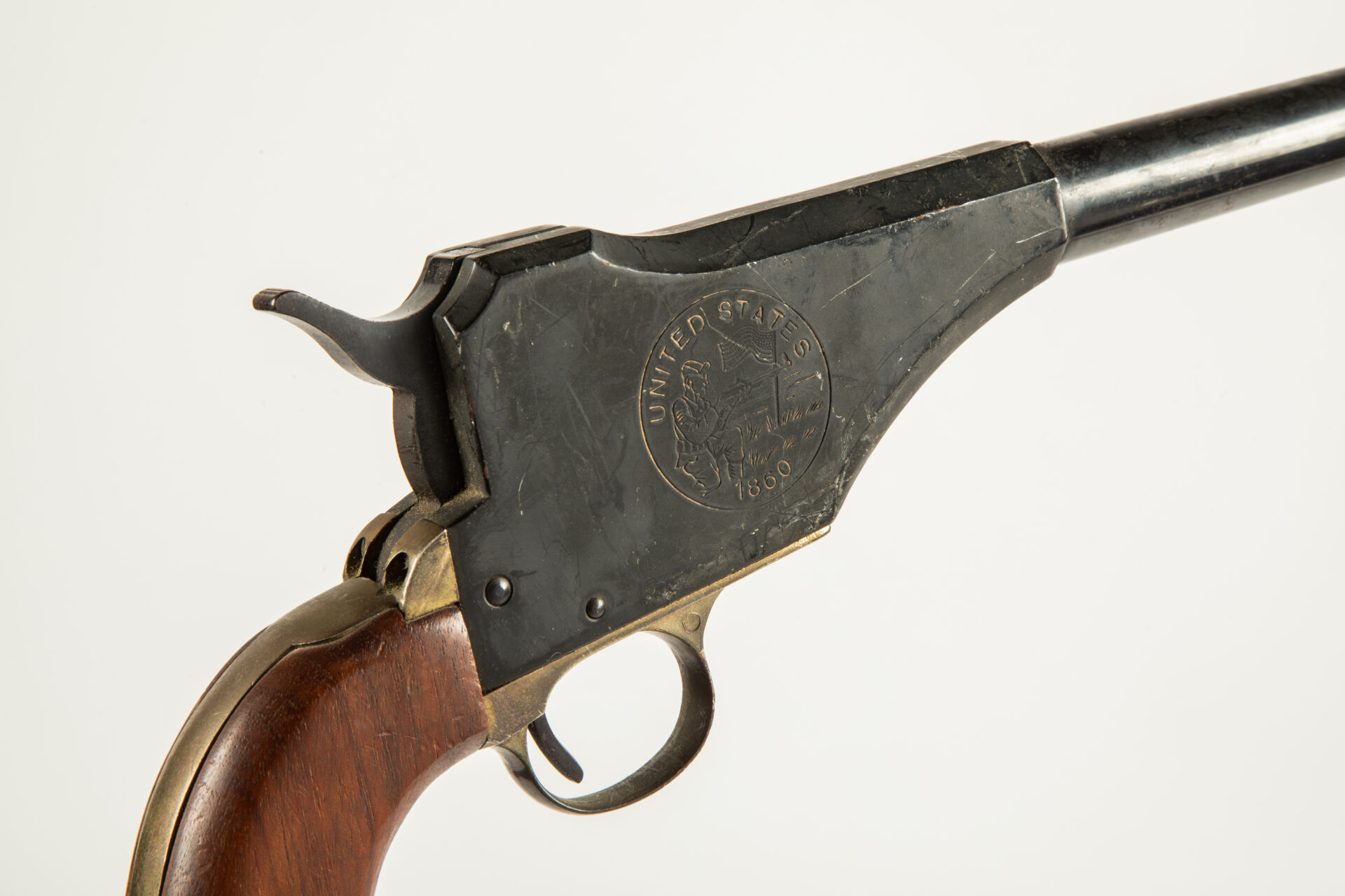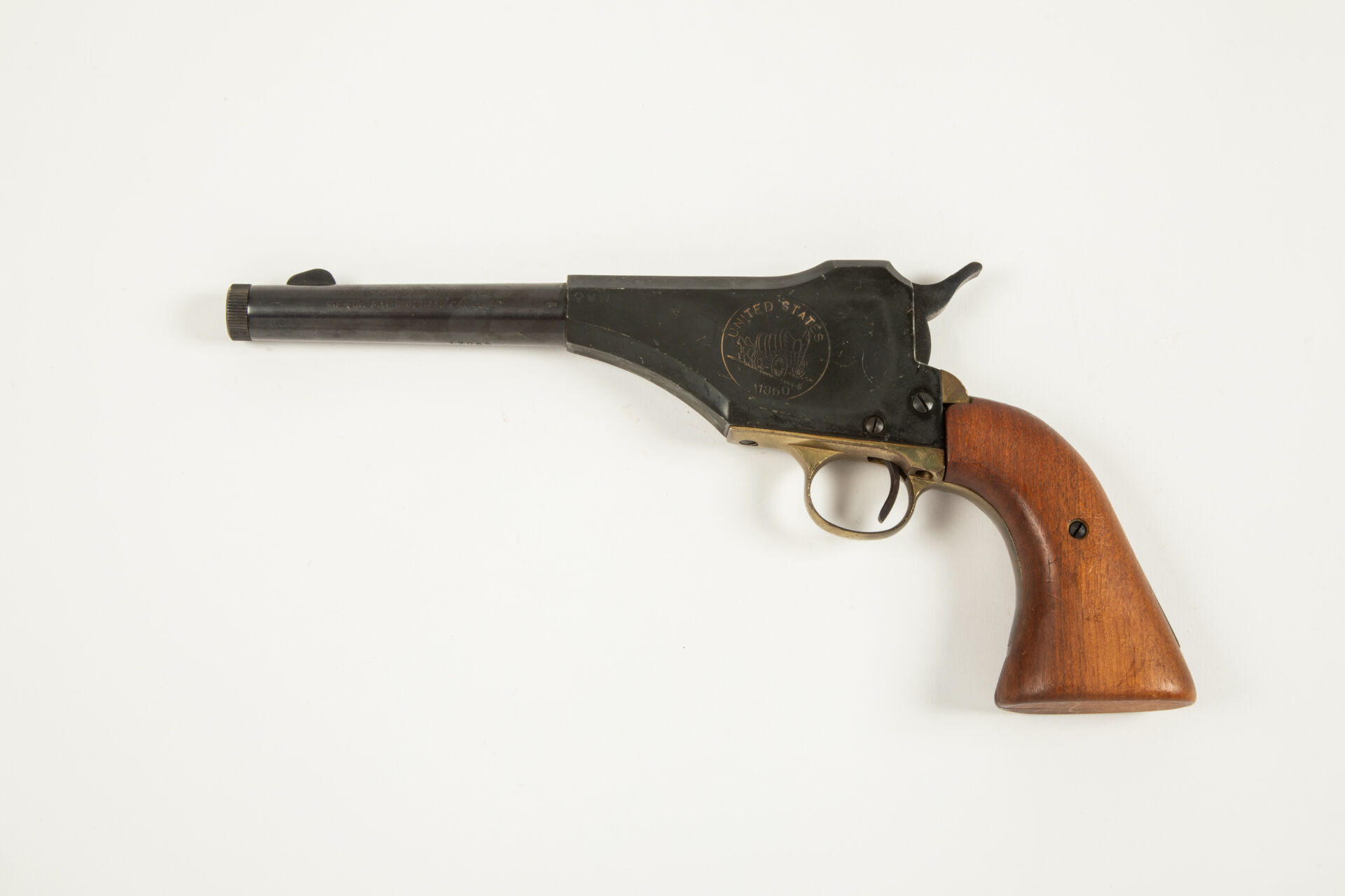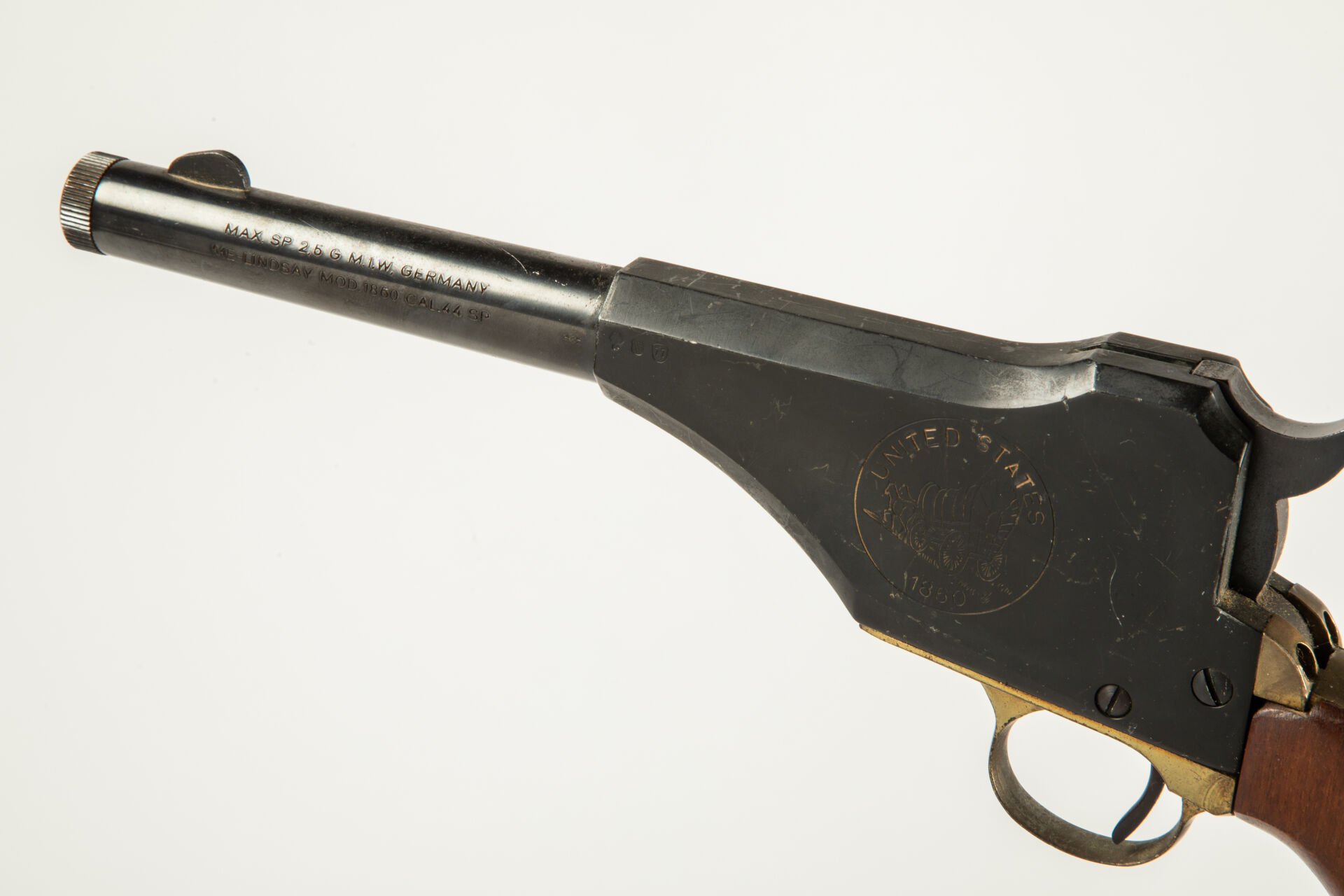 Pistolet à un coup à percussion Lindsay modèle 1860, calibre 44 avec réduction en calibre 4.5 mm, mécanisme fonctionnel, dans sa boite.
---
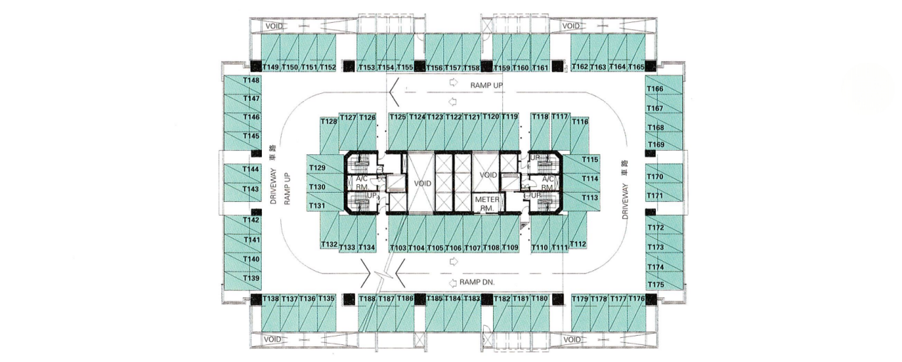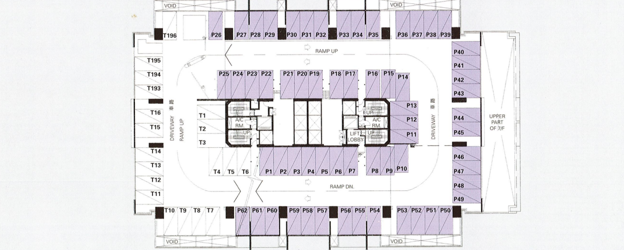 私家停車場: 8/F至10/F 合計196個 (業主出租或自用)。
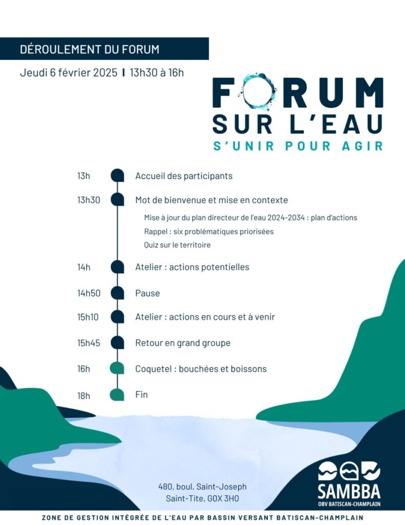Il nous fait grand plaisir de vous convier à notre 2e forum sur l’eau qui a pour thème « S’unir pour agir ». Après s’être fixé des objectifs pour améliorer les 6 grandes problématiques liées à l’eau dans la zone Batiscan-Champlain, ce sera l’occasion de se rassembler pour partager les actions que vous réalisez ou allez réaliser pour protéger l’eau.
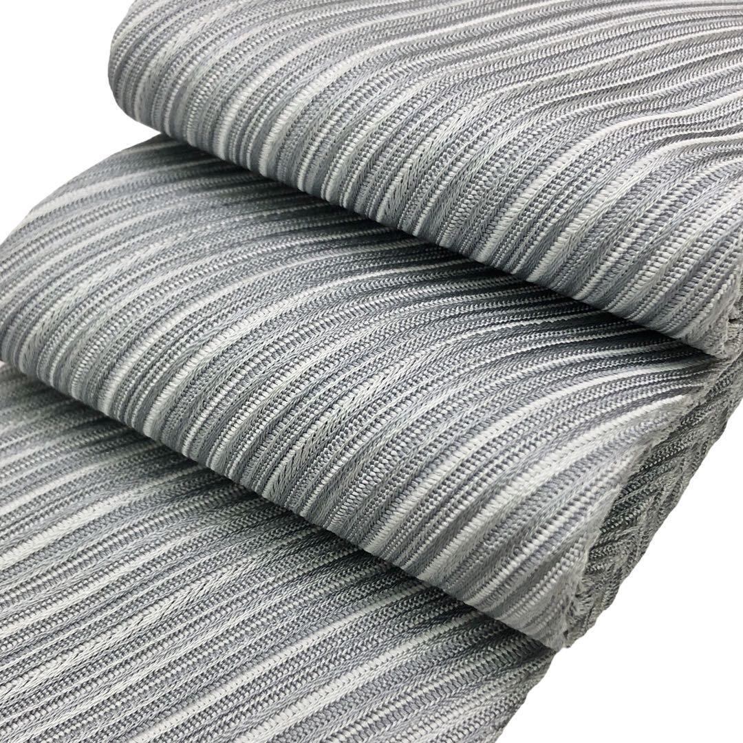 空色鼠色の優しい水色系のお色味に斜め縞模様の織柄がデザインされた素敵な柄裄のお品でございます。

*WHAT IS NEEDED*
The stretch above running from the line with "Il nous fait" through the line with "空色鼠色の優しい水色系のお色" is all you should copy, exactly, leaving out the pictures.

*RESPONSE TO THE EXERCISE*
Il nous fait grand plaisir de vous convier à notre 2e forum sur l’eau qui a pour thème « S’unir pour agir ». Après s’être fixé des objectifs pour améliorer les 6 grandes problématiques liées à l’eau dans la zone Batiscan-Champlain, ce sera l’occasion de se rassembler pour partager les actions que vous réalisez ou allez réaliser pour protéger l’eau.
 空色鼠色の優しい水色系のお色味に斜め縞模様の織柄がデザインされた素敵な柄裄のお品でございます。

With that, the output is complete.